It was at the first Battle of Crompton's Farm that I worked up the courage to ask Joe Rundell if I could be a runner in the battle. Runners were kids who would sprint between the companies on the battlefield, relaying 'important messages' to the commanders. Joe put on his best 'official' air, eyed me up and down skeptically, and asked how old I was. I said I was thirteen and the fastest kid there (a lie, my brother Bill was the only one faster than me - look at him in the picture, he was fourteen, already taller than my dad, and needed a shave - well on his back anyway, his beard didn't come in for another six months.) Joe said that was the cut-off age and agreed.

Each soldier was responsible for building his own replica of a Revolutionary War musket, kind of like how each Jedi Padawan has to build his or her own light saber in Star Wars, it's one of the trials. The replicas would fire homemade black powder blanks in the battle. To encourage maintenance of the weapons, the rule was that during a battle you didn't die until your musket misfired. This sometimes caused the amusing effect that a round from a replica cannon (and boy did those things make a satisfying sound, sometimes accompanied by a perfect smoke ring) would fail to cause any casualties, while a single round from a musket five minutes later might knock out a dozen men. I suppose that Freud might have had something amusing to say about men in their mid thirties firing blanks from their guns at each other and 'dying' when there was a malfunction, but at age thirteen my sense of irony was still developing.

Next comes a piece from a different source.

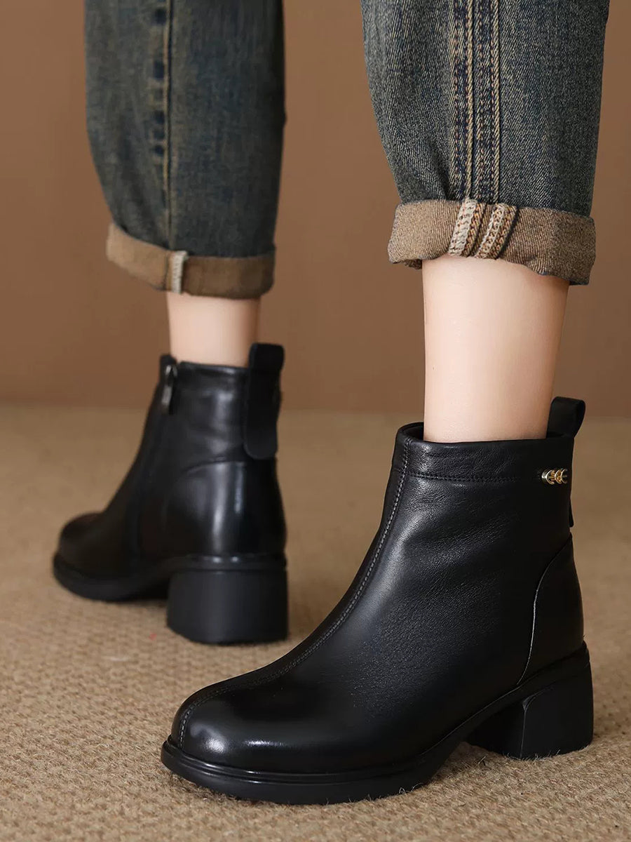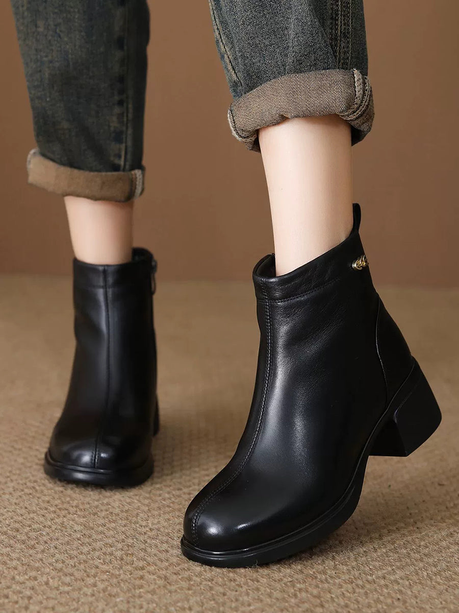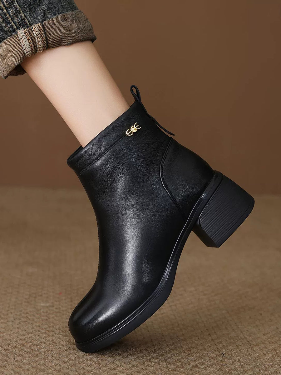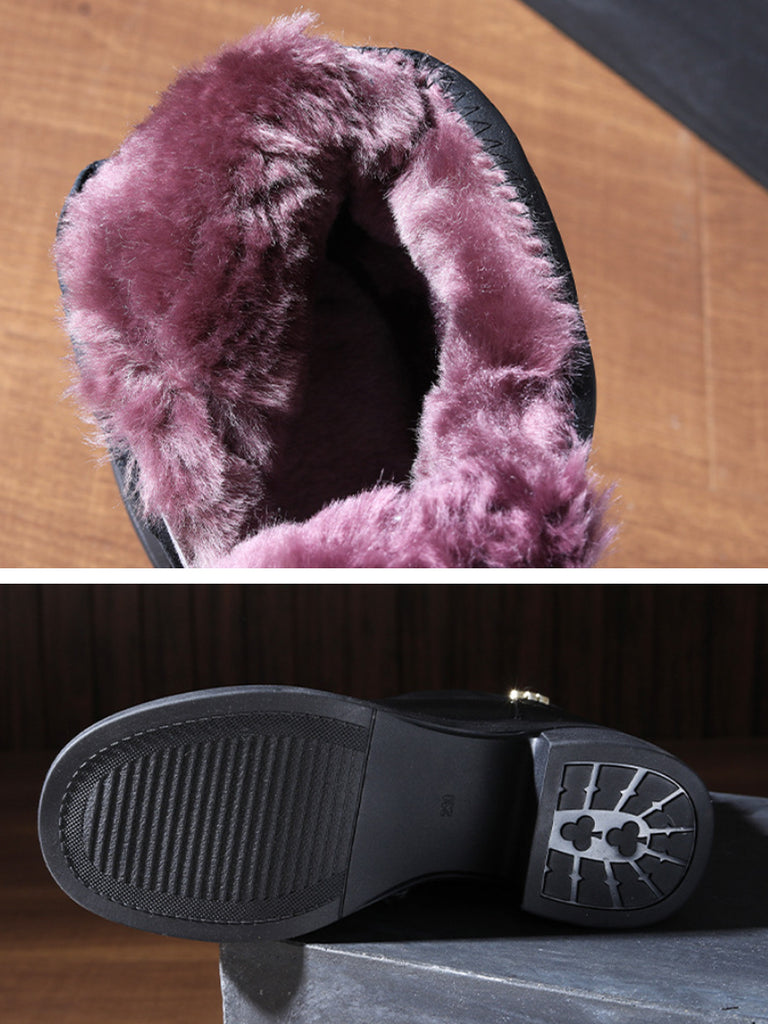 Botas de tacón medio con forro polar de piel auténtica para mujer, de invierno

The battle started, and despite it being a re-enactment, it was very realistic in terms of nobody having a clue what was going on once the first shot was fired. I soon discovered that the 'important messages' I needed to deliver always consisted of the single word 'Retreat!'

Exhausted and out of breath, I found myself near the edge of the battlefield where my younger brothers and their too-young-to-be-a-runner friends were. The captain was yelling retreat just as I was running up to give him the order to retreat. Being without a musket, it was left to the discretion of the runner when they should 'die.' Seeing my oh-so-jealous audience off to the side, this was the perfect place for me. It's unfortunate that they don't give Oscars for overly dramatic Revolutionary War re-enactment battle deaths; I'd have been a shoo-in.